Beim Batteriekauf solltest du darauf achten dass es ein etablierter Händler ist. Einer mit vielen verkauften Produkten. Batterien, die seit Jahren auf Lager liegen werden mit der Zeit kaum besser.


Wechselrichter: 1500 Watt reine Sinuswelle
Mein erster Wechselrichter von AEG lieferte 1200 Watt und hatte nur eine modififzierte Sinuswelle. Damit lief eigentlich alles. Das Problem: Sobald ich ein Gerät anschloss, das eine reine Sinuswelle erforderte, ist der Wechselrichter kaputt gegangen. Nachdem das zweite Gerät innerhalb von wenigen Monaten den Geist aufgab, diesmal aus unergründlichen Gründen, habe ich dann auch erkannt: in dem AEG-Gerät steckt wohl keine deutsche Markenqualität. Also rüber zu ebay und einen neuen Spannungswandler gekauft, mit 1500 Watt und reinem Sinus. Was mir dabei auch wichtig war: eine Fernbedienung. Die war beim AEG-Gerät schon toll, auch weil sie zusätzlich zum aktuellen Verbrauch in Watt die Batteriespannung in Volt anzeigte. Das hat mein neuer Spannungswandler nicht, hier gibt es nur ein/aus. Reicht aber auch. Diese Fernbedienung ist wichtig, wenn du den Wechselrichter im Wohnmobil an unzugänglicher Stelle verbauen möchtest. Das Gerät verbraucht selbst in ausgeschaltetem Zustand Strom. Und wenn der Strom mal knapp ist kann der Verbrauch via Fernbedienung auf NULL gefahren werden. Das kann ich abends kurz checken, und bei Bedarf direkt vom Bett aus den Wechselrichter – inklusive Kühlschrank – einfach ausschalten. Kommt aber nur bei Schlechtwetter vor.


Plus:
– Baumarkt: Edelstahlschrauben und Muttern, die nicht aufgehen können – 4x pro Modul. Denn doppelt hält besser.
– Kurze, extra dicke Batteriekabel um die Batterien miteinander zu verkabeln (Plus-Plus und Minus-Minus). Außerdem passende Polklemmen. War ein kleiner Onlineshop, finde den Link aktuell nicht mehr.
– Plastikkappen um die Batteriepole etwas abzudecken (muss vermutlich nicht sein, schadet aber sicherlich auch nicht…)

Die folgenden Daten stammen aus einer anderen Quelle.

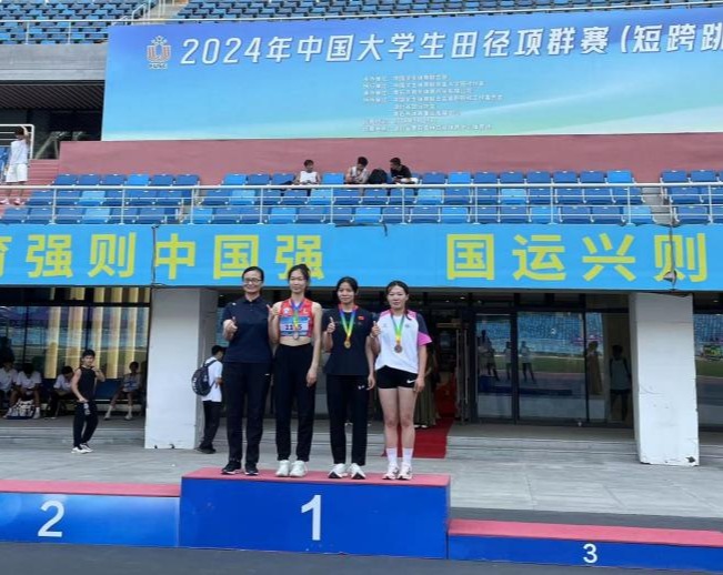 2024年5月25日由中国学生体育联合会举办的全国大学生田径项群赛(短跨跳)在湖北省黄石市奥林匹克体育中心顺利举行。本次比赛共有来自全国各地80所高等院校。在学校和学院的支持下,今年会两位教练员带队的六名运动员,经过奋战,最终取得了一银、两铜、第五、第六共五项全国赛场上的佳绩。

Komplettset: die vorkomponierte Wohnmobil – Solaranlage

Praktisch für Einsteiger, da inklusive aller Kabel sowie deutschsprachigem Support stellen die Angebote von Offgrid dar, zu haben auf Amazon. Komplette Solaranlagen für Wohnmobil oder auch Wohnwagen verschiedener Dimensionen: 100, 200 oder 300 Watt stehen zur Auswahl. Sie sind außerdem so konzipiert, dass sie erweiterungsfähig sind (zum Zeitpunkt der Veröffentlichung dieses Artikels, bitte nochmal checken vor Kauf). Ebenfalls zur Wahl stehen Komplettsets mit oder ohne MPPT-Laderegler, zu akzeptablem Preis. Billiger sind sie aber auch nicht als der Einzelkauf.

Was noch hinzugerechnet werden muss ist die Solarbatterie, ggf. auch Wechselrichter. Inklusive eventueller Verkabelung / Elektroinstallation im Wohnmobil. Aber mal ehrlich: wenn du den Artikel bis hierhin durchgelesen hast, dann kannst du dir auch dein eigenes System zusammenstellen!